Die Lysozymkristalle wurden  als Suspension in wässriger durch eine dünne Kapillare quer durch den neun Mikrometer feinen Röntgenstrahl geleitet. Diese Technik funktioniert bei Raumtemperatur, und auf die sonst oft übliche Tiefkühlung der Proteinkristalle mit flüssigem Stickstoff konnte verzichtet werden. Die Fließgeschwindigkeit stellten die Forscher so ein, dass die einzelnen Mikrokristalle während ihrer kurzen Passage durch den energiereichen Röntgenstrahl keine nennenswerten Strahlenschäden erlitten. Die einzelnen Kristalle durchquerten den Röntgenstrahl in einer bis drei Millisekunden.

"Wir haben den Detektor auf Dauerfeuer gestellt und 25 Bilder pro Sekunde aufgenommen", sagt Ko-Autor Dr. Alke Meents, Leiter der Messstation P11, an der die Experimente stattfanden. In den rund 17 Stunden Messzeit zeichneten die Wissenschaftler mehr als 1,5 Millionen Detektorbilder auf, aus denen ein Computer 40 233 brauchbare Streubilder herausfilterte. Aus diesen wiederum berechneten die Forscher die Lysozym-Struktur mit einer Genauigkeit von 2,1 Ångström, das sind 0,2 millionstel Millimeter. Die so berechnete Struktur stimmt ausgezeichnet mit der bekannten Lysozym-Struktur überein.

"Mit den geplanten Verbesserungen der Intensität der Röntgenstrahlung und durch Verwendung neuester Detektoren werden sich Bilder noch schneller aufzeichnen lassen und  gleichzeitig die räumliche Auflösung verbessern", erläutert Meents. "Auf diese Weise ebnet unsere Arbeit den Weg für die Strukturanalyse solcher Biomoleküle, die mit Synchrotronen bislang nicht untersuchbar sind."

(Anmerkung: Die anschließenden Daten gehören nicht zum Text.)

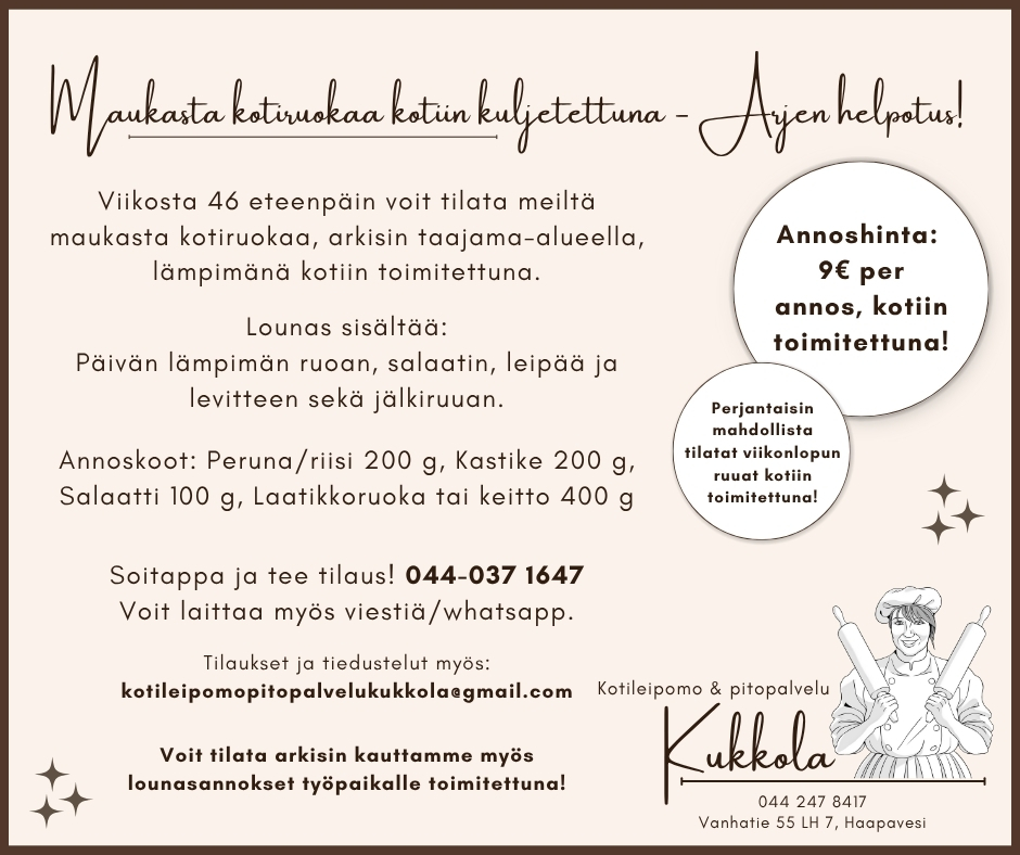 Mehän myös toimitamme ruuan muualle ja tarvittaessa tulemme myös tarjoilemaan, kysy tarjous :) kotileipomopitopalvelukukkola@gmail.com

Die vom Bundesministerium für Bildung und Forschung BMBF im Rahmen des Röntgen-Ångström-Clusters geförderte Arbeit folgt auf ein anderes kürzliches Experiment, bei dem die Serienkristallographie vom Röntgenlaser an das Synchrotron PETRA III übertragen wurde. Dafür hatten Forscher tiefgekühlte Mikrokristalle wie beim Herstellen von Seifenblasen mit einer winzigen Nylonschlinge aus einer Lösung gefischt und diese dann mit dem feinen Röntgenstrahl von PETRA III abgerastert, um ebenfalls Streubilder in Serie zu produzieren.

 

Originalarbeit:
“Room-temperature macrmolecular serial crystallography using synchrotron radiation”; Francesco Stellato et al.; IUCrJ, 2014; DOI: 10.1107/S2052252514010070

Schema des Versuchsaufbaus für die Serien-Kristallographie an der Messstation P11 bei PETRA III.